Но «чугунка» была уже реальностью. И в первое свое путешествие рязанские молодцы отправились на новейшем транспорте. Как водится, только в начале пути думали о доме, о тех, кого оставили. Затем мысли их обратились к Петербургу, к вожделенному университету.
…И вот теперь, вдосталь побродив по городу, они шли через Дворцовый мост на Васильевский остров, приближаясь к цели. Перед ними замаячило растянувшееся чуть не на полверсты строение и двенадцать примыкающих к нему одинаковых трехэтажных корпусов.
Университетский двор был заполнен сотнями таких же, как они, юношей, съехавшихся сюда с разных концов России. Забиты молодежью были все коридоры и вестибюль. Впоследствии Павлов не раз вспоминал о могучем потоке, который мощно влился в русло науки в те годы. Будущий знаменитый почвовед Василий Докучаев и будущий изобретатель радио Александр Попов, впоследствии выдающийся математик Александр Ляпунов и ботаник Иван Бородин, в дальнейшем сподвижник Павлова физиолог Николай Введенский и его научный противник невролог Владимир Бехтерев — все они прибыли в Петербург почти одновременно.
Бывший рязанский семинарист Иван Павлов вынул из чемодана свои бумаги и вошел в канцелярию университета. Прошение его превосходительству действительному статскому советнику ректору императорского Санкт-Петербургского университета Карлу Федоровичу Кесслеру было написано им заблаговременно.
«Окончив полный курс общеобразовательных наук в Рязанской духовной семинарии, — говорилось в нем, — покорнейше прошу Ваше Превосходительство принять меня в число студентов Императорского Санкт-Петербургского университета по Юридическому факультету и тому же разряду.
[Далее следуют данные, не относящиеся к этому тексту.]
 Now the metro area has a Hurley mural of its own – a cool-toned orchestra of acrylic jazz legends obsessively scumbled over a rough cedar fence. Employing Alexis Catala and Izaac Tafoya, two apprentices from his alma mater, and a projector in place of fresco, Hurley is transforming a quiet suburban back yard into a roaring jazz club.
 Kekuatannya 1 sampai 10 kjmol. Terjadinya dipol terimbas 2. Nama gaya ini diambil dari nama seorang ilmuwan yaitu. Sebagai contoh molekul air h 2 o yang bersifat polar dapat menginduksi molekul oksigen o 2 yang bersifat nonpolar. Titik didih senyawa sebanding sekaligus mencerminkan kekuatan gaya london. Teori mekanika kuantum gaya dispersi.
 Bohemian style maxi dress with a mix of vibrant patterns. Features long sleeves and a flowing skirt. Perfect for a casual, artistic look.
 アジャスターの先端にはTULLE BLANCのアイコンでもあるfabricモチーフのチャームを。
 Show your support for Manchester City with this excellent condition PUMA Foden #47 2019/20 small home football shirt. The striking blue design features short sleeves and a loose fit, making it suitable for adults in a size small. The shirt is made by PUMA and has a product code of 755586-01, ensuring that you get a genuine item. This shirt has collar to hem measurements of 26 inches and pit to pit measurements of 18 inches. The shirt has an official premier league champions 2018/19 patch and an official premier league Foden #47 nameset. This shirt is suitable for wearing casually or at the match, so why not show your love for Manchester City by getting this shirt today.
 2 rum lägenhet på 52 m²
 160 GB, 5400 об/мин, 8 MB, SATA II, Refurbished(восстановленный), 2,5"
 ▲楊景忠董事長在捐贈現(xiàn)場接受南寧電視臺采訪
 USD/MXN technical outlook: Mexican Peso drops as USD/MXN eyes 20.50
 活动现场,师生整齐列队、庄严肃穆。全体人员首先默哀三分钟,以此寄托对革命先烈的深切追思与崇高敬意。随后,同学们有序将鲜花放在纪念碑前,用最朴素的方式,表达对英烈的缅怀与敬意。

При сем прилагаю: свидетельство об успехах и поведении, метрическое свидетельство о рождении, копии с них, формулярный описок о службе родителя моего, города Рязани Лазарево-кладбищенской церкви священника Петра Дмитриевича Павлова за 1869 год, свидетельство о бедности Благочинного и удостоверение Инспектора о моем поведении.
Августа 1870 года Иван Павлов руку приложил».
Свидетельства о поведении и учебе подтверждали прилежание «весьма ревностное» и успехи семинариста Ивана Павлова в положенных науках — «очень хорошие, отлично хорошие и весьма хорошие». Юридический же факультет был назван в прошении потому, что при поступлении на него не надо было сдавать математику, на которую будущий естествоиспытатель своевременно должного внимания не обратил. И чтобы не срезаться по математике, он избрал обходной путь, имея в виду некоторую хитрость, к которой собирался прибегнуть какое-то время спустя.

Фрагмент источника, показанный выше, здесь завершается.